Results of clinical trials in myeloma
GEM21minus65 happens to Fase III GEM12menos65a clinical trial whose results, -still pending a new evaluation with greater follow-up-, were announced in 2022 at the Plenary Session of the 19th Congress of the International Myeloma Society. GEM12minus65, which included patients with newly diagnosed multiple myeloma (MMND) treated with VRD (bortezomib, lenalidomide and dexamethasone) before and after autotransplantation with melphalan or busulfan, followed by maintenance within the Phase III GEM2014MAIN clinical trial, which compared lenalidomide-dexamethasone vs . lenalidomide-dexamethasone-ixazomib (Rosiñol L et al. Blood 2023) has achieved a Progression Free Survival (PFS) of 80.8 months, the best ever reported, surpassing the 67.5 months that constituted the previous best reference (Richardson PD et al.NEJM 2022). “We hope to offer consolidated results in the coming months,” says Lahuerta.
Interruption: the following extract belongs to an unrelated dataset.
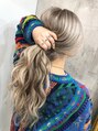ブリーチ+カラーでホワイトベージュにカラーしてからダークブラウンのローライトを混ぜながらシールエクステ90枚でロングスタイルに。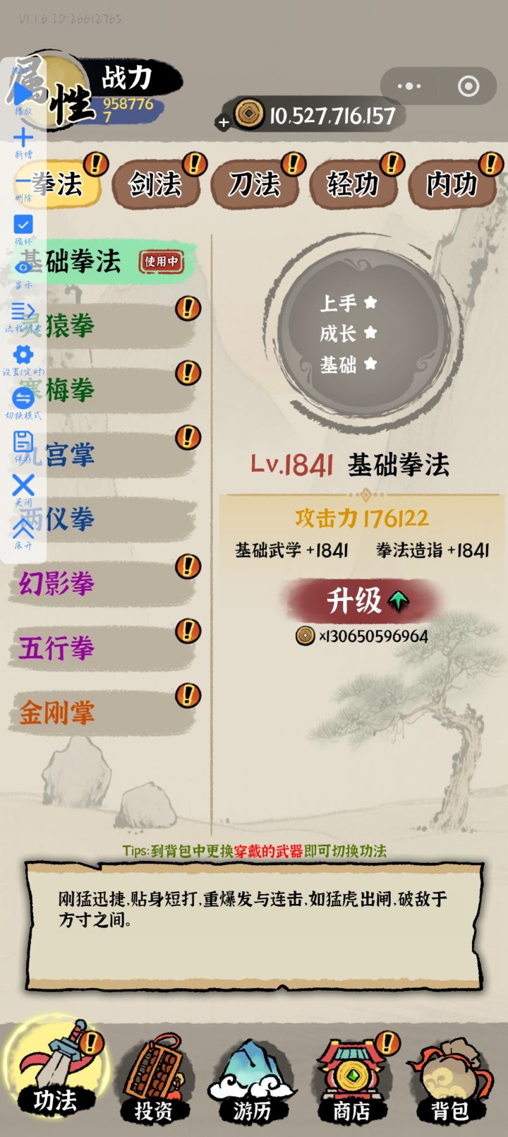 昨天更新的内容后宫,世界boss和擂台赛今天没有了,应该是卡bugd了,后续不知道会不会继续推出,卡bug期间,无广告版,我发现了一个误区,不要升级高品质的武功功法,升级基础的,500级之后会发生质变,并且基础功法不受武学基础限制[表情_吃瓜]

GEM21menos65, con 62 active centers (70 planned) and 173 patients included (480 programmed) compares combination treatment of VRD extended up to 18 cycles together with a salvage early intervention strategy versus Isatuximab-VRD and versus Isatuximab-V-iberdomide in patients 65 years of age or younger with MMND candidates for autologous heart transplantation. hematopoietic progenitors (Taspe).
GEM-Pethema maintains four other clinical trials in the recruitment phase: GEM-Iberdarax, GEM-Belma, GEM-Rantab and GEM-Tectal. The first, a phase II trial with 140 patients (41 recruited to date), is carried out in 16 centers. Its objective is to evaluate dexamethasone iberdomide alone or in combination with standard multiple myeloma treatment regimens in MMND patients who are not candidates for transplantation.
GEM-Belma is a phase I/II, open-label, multicenter study analyzing the treatment of patients with relapsed and refractory Multiple Myeloma to lenalidomide with belantamab mafodotin in combination with carfilzomib and dexamethasone. In the pre-inclusion phase (phase I) the aim is to determine the maximum tolerated dose and the recommended dose. In phase II the objective is to evaluate the efficacy in terms of complete response rate and negative minimal residual disease rates after 12 months of treatment together with the safety and tolerability of the combination. This trial plans to include 60 patients in 15 Spanish centers.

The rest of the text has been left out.